▸ Exercise goal: Your reply is to be the lines below, exactly as written, with images omitted.

▸ Provided material:

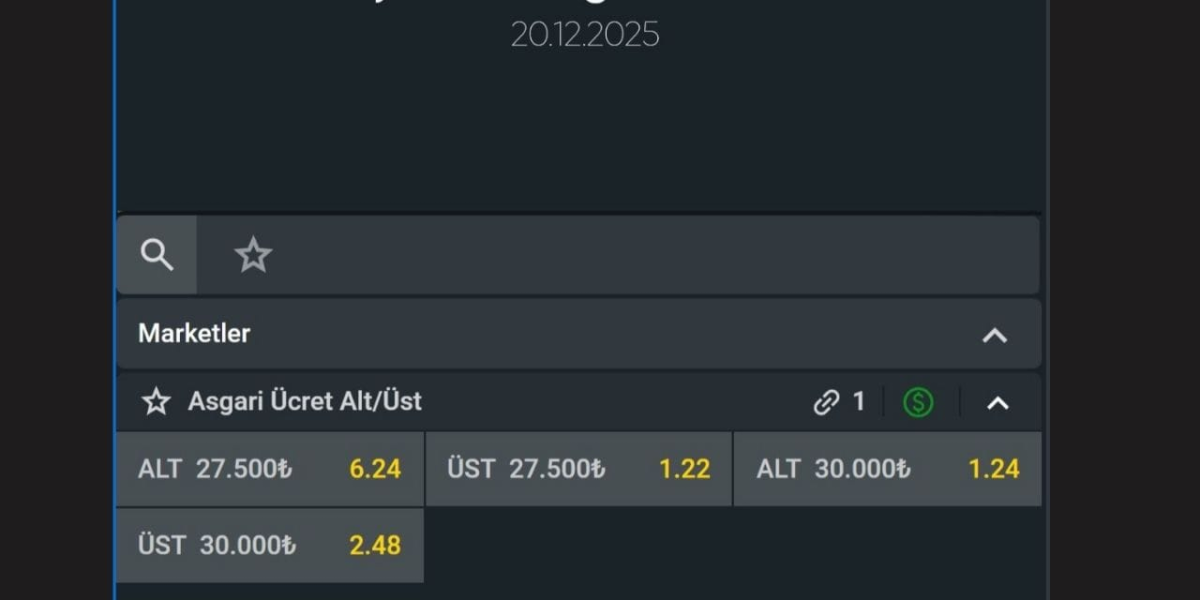 Halk TV'de yer alan habere göre, yasa dışı bir bahis sitesi 2026 asgari ücreti için "alt/üst" seçeneğiyle bahis başlattı.
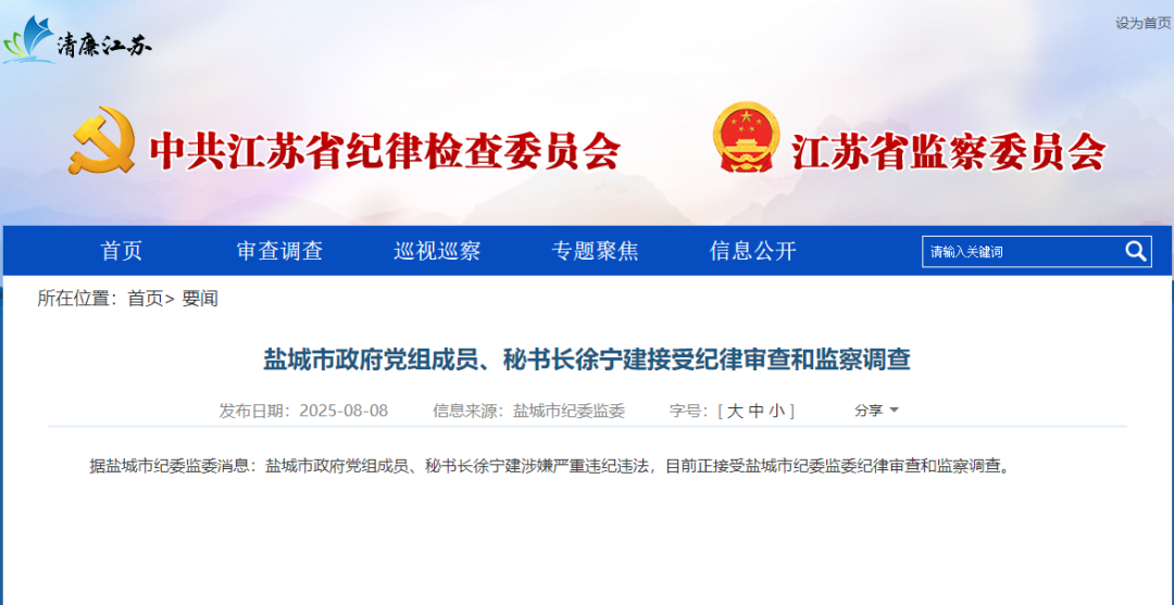据江苏省纪委监委官方网站8月8日援引盐城市纪委监委消息:盐城市政府党组成员、秘书长徐宁建涉嫌严重违纪违法,目前正接受盐城市纪委监委纪律审查和监察调查。
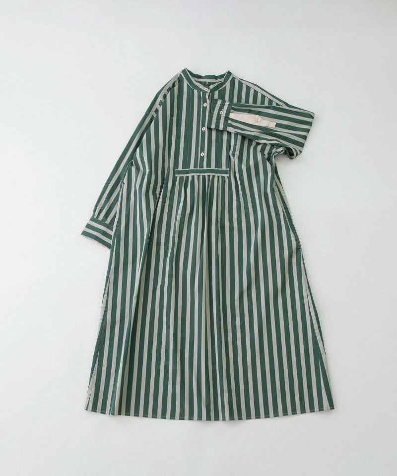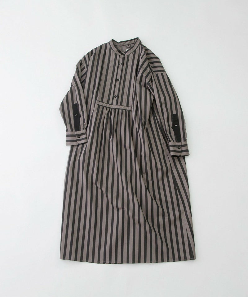 ・ビンテージメンズシャツ風のきれいな目面で、しっかり厚みのあるコットンサテンのワンピース。オリジナルのストライプ生地で、ビブヨークデザインとバンドカラーのストンとしたシルエットです。
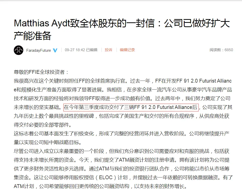 9月27日,FaradayFuture(法拉第未来,下称“FF”)官方公布了FF全球首席执行官Matthias Aydt致全体股东的一封信。

▸ Expected output:
 Halk TV'de yer alan habere göre, yasa dışı bir bahis sitesi 2026 asgari ücreti için "alt/üst" seçeneğiyle bahis başlattı.
据江苏省纪委监委官方网站8月8日援引盐城市纪委监委消息:盐城市政府党组成员、秘书长徐宁建涉嫌严重违纪违法,目前正接受盐城市纪委监委纪律审查和监察调查。
 ・ビンテージメンズシャツ風のきれいな目面で、しっかり厚みのあるコットンサテンのワンピース。オリジナルのストライプ生地で、ビブヨークデザインとバンドカラーのストンとしたシルエットです。
 9月27日,FaradayFuture(法拉第未来,下称“FF”)官方公布了FF全球首席执行官Matthias Aydt致全体股东的一封信。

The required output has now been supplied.